Last but not least, la solution à deux Etats ne doit pas nous aveugler : l’Etat d’Israël n’acceptera jamais d’avoir à ses côtés un État palestinien libéré et souverain contrôlant la totalité de ses frontières, disposant de sa propre armée, et profitant de toutes ses sources d’eau. La solution des deux États ne peut au mieux promettre aux Palestiniens qu’un futur de subordination.

Quelle alternative ?

A l’image d’intellectuels palestiniens tels que Sari Nusseibeh ou Edward Said, et d’une part croissante de la population palestinienne, en particulier chez les jeunes, il est aujourd’hui temps d’oser imaginer des alternatives au paradigme stérile des deux Etats.

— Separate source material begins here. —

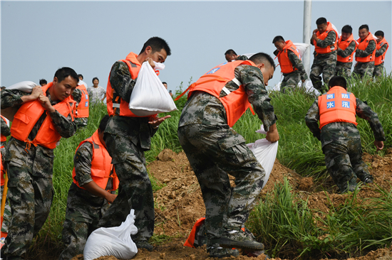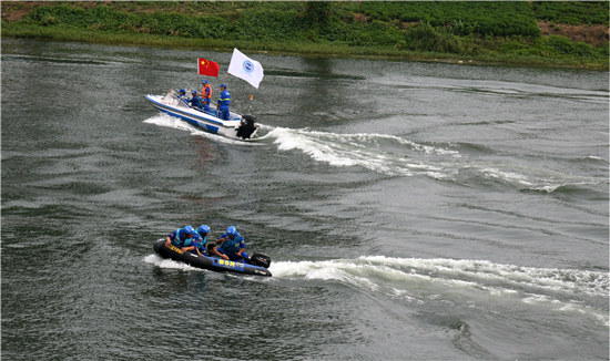 上午9時,隨著田林“開始演練”命令的下達,60人組成的搶險突擊隊,緊張有序開展了五個科目的演練。突擊隊員通過巡堤查險,觀察堤坡及堤腳附近有無滲水、管涌、裂縫、滑坡、漏洞等險情。發(fā)現(xiàn)險情后,迅速采取導滲、截滲等搶險措施,確保險情得到及時、正確、有效的處理或控制。發(fā)現(xiàn)落水人員,四艘沖鋒舟分工明確,立即前往落水地點進行救助。

D’autres idées novatrices sont déjà sur la table, mais restent le plus souvent négligées : un seul Etat mixte, trois Etats si l’on comprend Jérusalem en tant que corpus separatum, une confédération binationale, ou même - pourquoi pas ? - un modèle fédéral à la belge. Je ne trancherai pas en quelques lignes quelle forme doit définitivement l’emporter. Ce qui m’importe surtout ici est de casser le mythe de deux communautés raciales distinctes vivant côte à côte et de libérer l’imaginaire institutionnel.

Ce qui rend ce conflit si difficile, quasi insurmontable, c’est que deux peuples se battent pour le même territoire de la Palestine sous mandat britannique. La seule solution que nos pays européens avancent est de couper la poire en deux en répondant aux aspirations nationalistes de deux Etats exclusifs et homogènes, mais cette stratégie est une voie sans issue.

Si l’on veut vraiment atteindre une paix durable au Proche-Orient, il n’y a pas d’autre choix que d’octroyer aux citoyens d’Israël et de Palestine les mêmes droits, privilèges, et obligations. Voilà l’essence du droit à l’autodétermination. Le projet peut paraître utopique, mais je préfère l’idéal d’un vivre ensemble multireligieux et multiculturel au drame d’un Etat-camouflage de confiscations de territoires et d’apartheid. Comme en Afrique du Sud, Israéliens et Palestiniens doivent partager le même territoire entre le Jourdain et la Méditerranée, dans une société démocratique basée sur l’égalité et la liberté de circulation de tous. C’est pourquoi la reconnaissance de la Palestine doit aller au-delà de la "solution" à deux Etats.